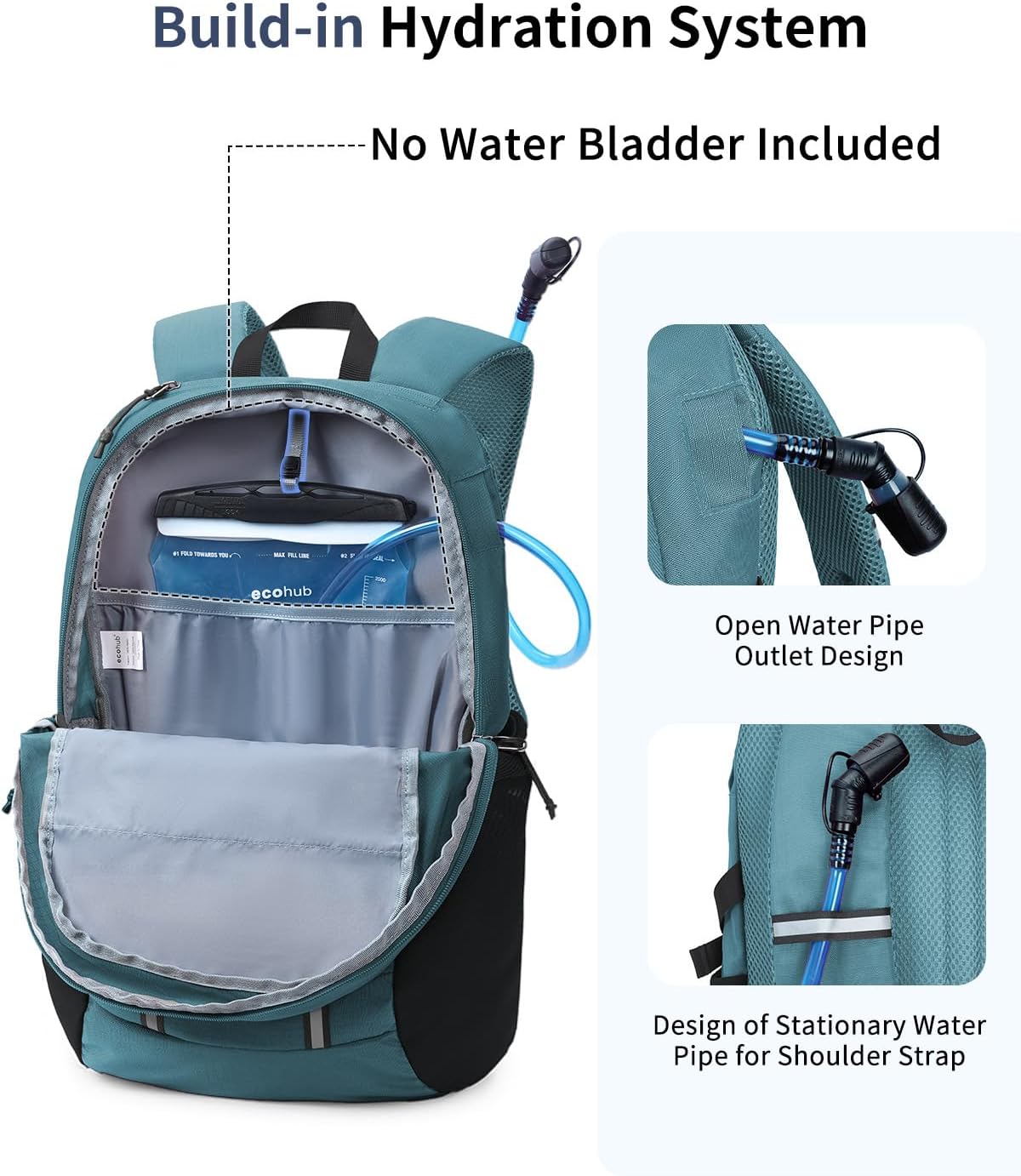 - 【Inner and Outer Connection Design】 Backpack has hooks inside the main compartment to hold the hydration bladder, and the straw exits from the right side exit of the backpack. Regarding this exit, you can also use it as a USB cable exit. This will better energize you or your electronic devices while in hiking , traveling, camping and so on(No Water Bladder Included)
...
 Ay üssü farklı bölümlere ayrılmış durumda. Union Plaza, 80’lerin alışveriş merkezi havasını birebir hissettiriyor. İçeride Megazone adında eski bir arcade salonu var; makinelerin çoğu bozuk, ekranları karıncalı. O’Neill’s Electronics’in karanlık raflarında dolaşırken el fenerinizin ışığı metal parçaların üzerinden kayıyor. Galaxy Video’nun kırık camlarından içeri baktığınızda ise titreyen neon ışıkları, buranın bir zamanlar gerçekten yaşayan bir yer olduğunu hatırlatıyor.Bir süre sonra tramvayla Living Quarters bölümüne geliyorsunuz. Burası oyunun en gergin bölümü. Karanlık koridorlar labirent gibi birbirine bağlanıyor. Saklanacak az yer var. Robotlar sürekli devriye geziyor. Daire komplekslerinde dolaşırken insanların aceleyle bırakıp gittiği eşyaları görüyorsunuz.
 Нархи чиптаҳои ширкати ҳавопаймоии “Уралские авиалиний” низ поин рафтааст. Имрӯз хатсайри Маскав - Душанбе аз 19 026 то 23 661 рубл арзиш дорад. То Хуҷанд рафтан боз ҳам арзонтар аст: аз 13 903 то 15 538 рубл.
* * *
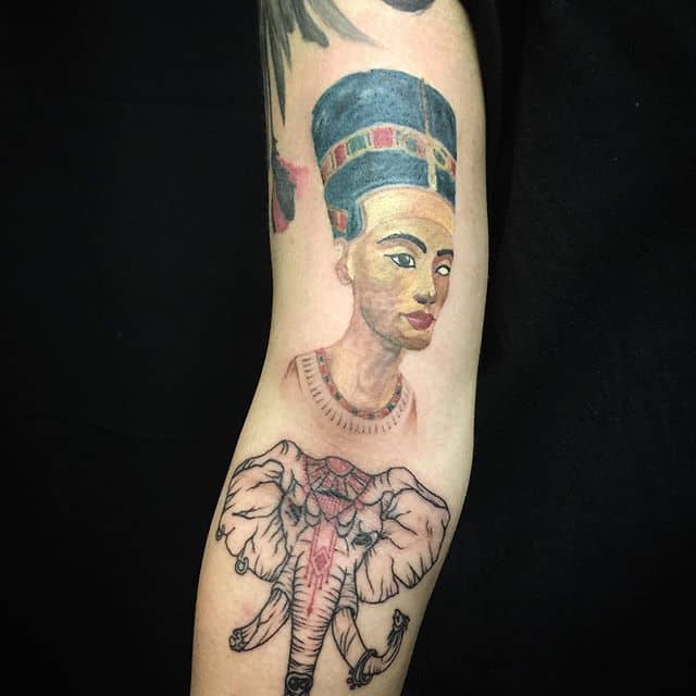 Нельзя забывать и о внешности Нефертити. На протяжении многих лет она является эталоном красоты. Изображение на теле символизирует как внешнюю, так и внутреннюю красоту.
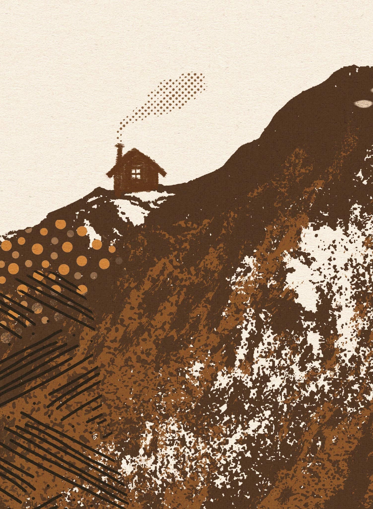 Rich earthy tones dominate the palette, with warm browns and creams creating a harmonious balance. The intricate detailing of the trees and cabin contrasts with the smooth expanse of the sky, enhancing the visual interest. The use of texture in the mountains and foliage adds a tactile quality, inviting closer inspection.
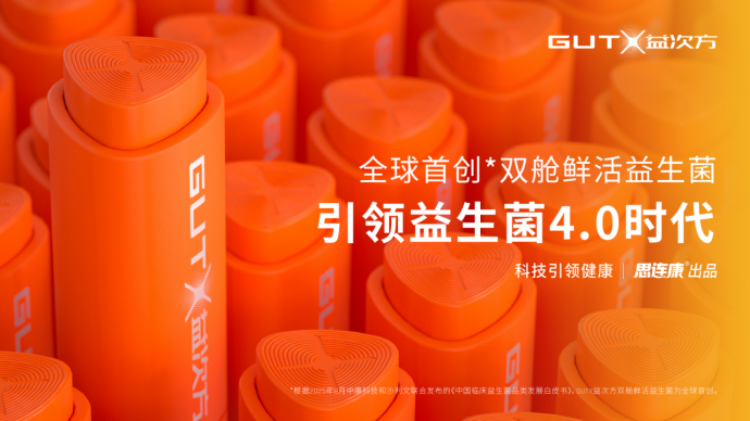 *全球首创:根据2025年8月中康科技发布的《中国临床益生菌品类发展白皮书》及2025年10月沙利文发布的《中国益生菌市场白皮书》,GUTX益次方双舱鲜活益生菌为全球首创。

WORK REQUEST
Each line in the entries above, starting at the line with "Ay üssü farklı" and ending at the line with "Нархи чиптаҳои ширкати", is to be printed exactly, and only those lines.

RESPONSE TO THIS EXERCISE
 Ay üssü farklı bölümlere ayrılmış durumda. Union Plaza, 80’lerin alışveriş merkezi havasını birebir hissettiriyor. İçeride Megazone adında eski bir arcade salonu var; makinelerin çoğu bozuk, ekranları karıncalı. O’Neill’s Electronics’in karanlık raflarında dolaşırken el fenerinizin ışığı metal parçaların üzerinden kayıyor. Galaxy Video’nun kırık camlarından içeri baktığınızda ise titreyen neon ışıkları, buranın bir zamanlar gerçekten yaşayan bir yer olduğunu hatırlatıyor.Bir süre sonra tramvayla Living Quarters bölümüne geliyorsunuz. Burası oyunun en gergin bölümü. Karanlık koridorlar labirent gibi birbirine bağlanıyor. Saklanacak az yer var. Robotlar sürekli devriye geziyor. Daire komplekslerinde dolaşırken insanların aceleyle bırakıp gittiği eşyaları görüyorsunuz.
 Нархи чиптаҳои ширкати ҳавопаймоии “Уралские авиалиний” низ поин рафтааст. Имрӯз хатсайри Маскав - Душанбе аз 19 026 то 23 661 рубл арзиш дорад. То Хуҷанд рафтан боз ҳам арзонтар аст: аз 13 903 то 15 538 рубл.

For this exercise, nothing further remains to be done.